Prime Minister Justin Trudeau, right, and Quebec Premier Francois Legault shake hands as they meet in Quebec City on Monday. The federal government announced more than $750 million in support for the province, provoking Eby’s ire. (Jacques Boissinot/The Canadian Press)

Western premiers meeting wraps up

Eby made the comments as premiers from Alberta, British Columbia, Manitoba, the Northwest Territories, Nunavut, Saskatchewan and Yukon wrapped up two days’ worth of meetings in Whitehorse. 

Yukon Premier Ranj Pillai said the leaders represent different viewpoints but were able to set aside partisanship.

“As we look across the country and around the world, we see productive, multi-partisan, collaborative conversations less likely to occur than we’ve seen in the past. And in response, we see citizens look elsewhere to place their trust,” he said.

“We urge leaders at the provincial and federal levels to follow our lead and walk together on a path that leads us to the best outcomes for people in their jurisdictions. Good ideas are not limited to one political ideology.”

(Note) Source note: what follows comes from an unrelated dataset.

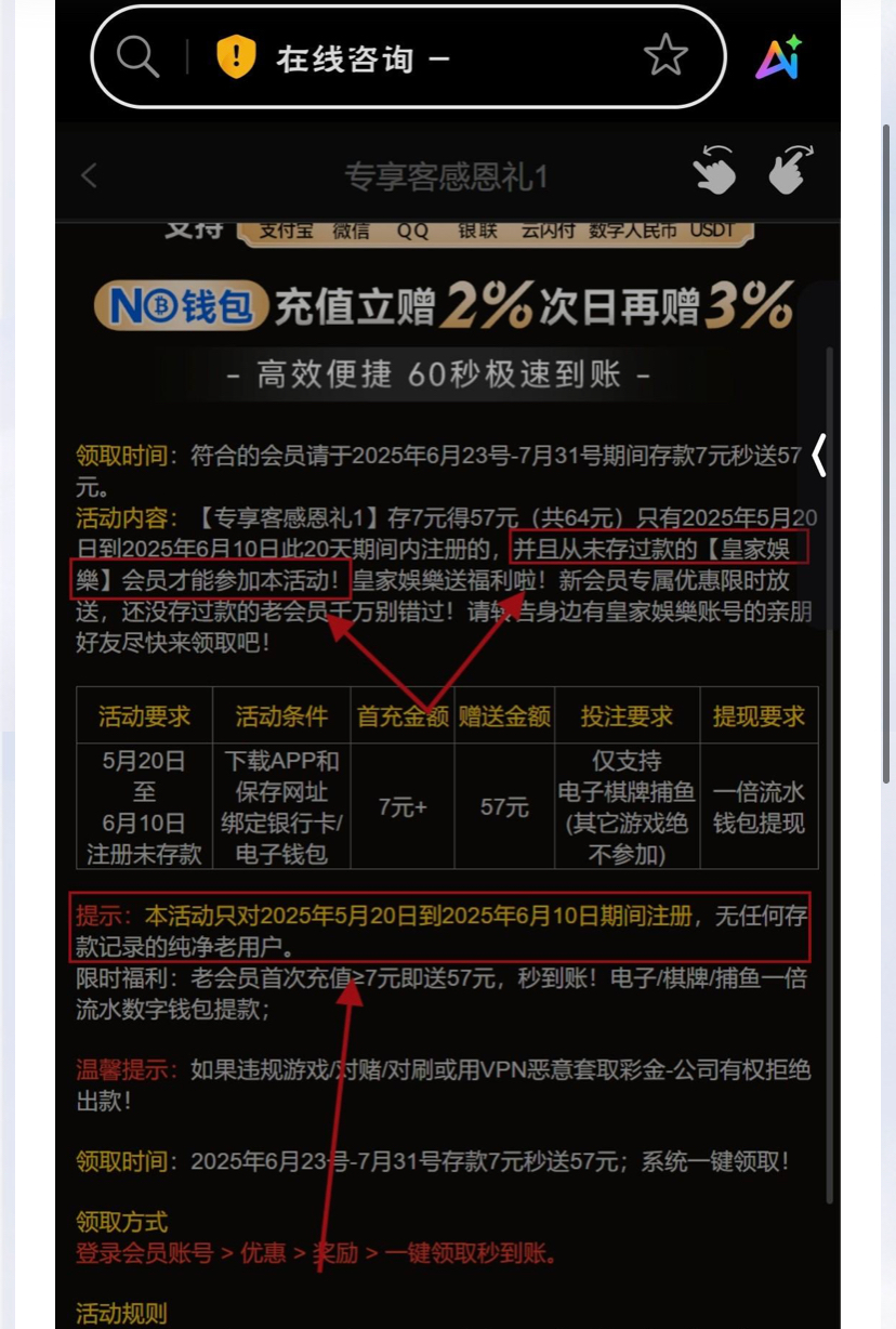皇家娱乐,老玩家5月20日到6月10日没充值过的老玩家,充值7元送57元,我踏马刚好5月21日充过,参加不了,老哥们有在5月20到6月10日没冲过的,可以去撸一波,我也想混个有效贴。网址 904.com

A man in a suit sits at a table before a microphone, with a backdrop of flags.
Ranj Pillai, the premier of Yukon, said that politicians should set aside partisanship when addressing complex issues. (Kelly Clark/The Canadian Press)

A statement from the premiers said the talks included discussions to improve supply chains and infrastructure, as well as talk of Arctic and energy security.

It said western provinces and territories are working on unique housing challenges.

“While premiers acknowledge the efforts being made at the federal level, greater collaboration is required,” the statement says.

“Premiers discussed recent federal policy announcements and noted that substantial engagement from the federal government is needed to ensure new funding complements ongoing investments being made by provinces and territories,” the premiers said, referring to the need to collaborate on more housing.

The statement says the premiers are disappointed that this year’s federal budget did not include a successor to the Investing in Canada infrastructure program. 

“Premiers reiterated the need for flexible, predictable, and long-term federal infrastructure funding that is delivered on a base-plus per capita basis,” it says.

The statement said more needs to be done to harness Western Canada’s energy resources, including oil and gas, liquefied natural gas, uranium and hydroelectricity, as well as in emerging opportunities such as hydrogen, biofuels, small modular nuclear reactors and critical minerals.

A white woman with brown hair and tinges of blonde speaks at a podium with blue markings.
Alberta Premier Danielle Smith said that there was talk of collaboration between B.C. and Alberta on the hydrogen industry. (Manuel Carrillos Avalos/CBC/Radio-Canada)

When asked about a possible agreement between British Columbia and Alberta related to hydrogen, Alberta Premier Danielle Smith said hydrogen represents a multi-trillion-dollar industry and comes with the possibility of partnerships with First Nations.

“So I think that process is just beginning. I don’t want to prejudge how it might end up, but I think that there’s a spirit of collaboration happening between our two provinces and the federal government on that,” she said.

Next year’s meeting of the western premiers is slated to take place in the Northwest Territories.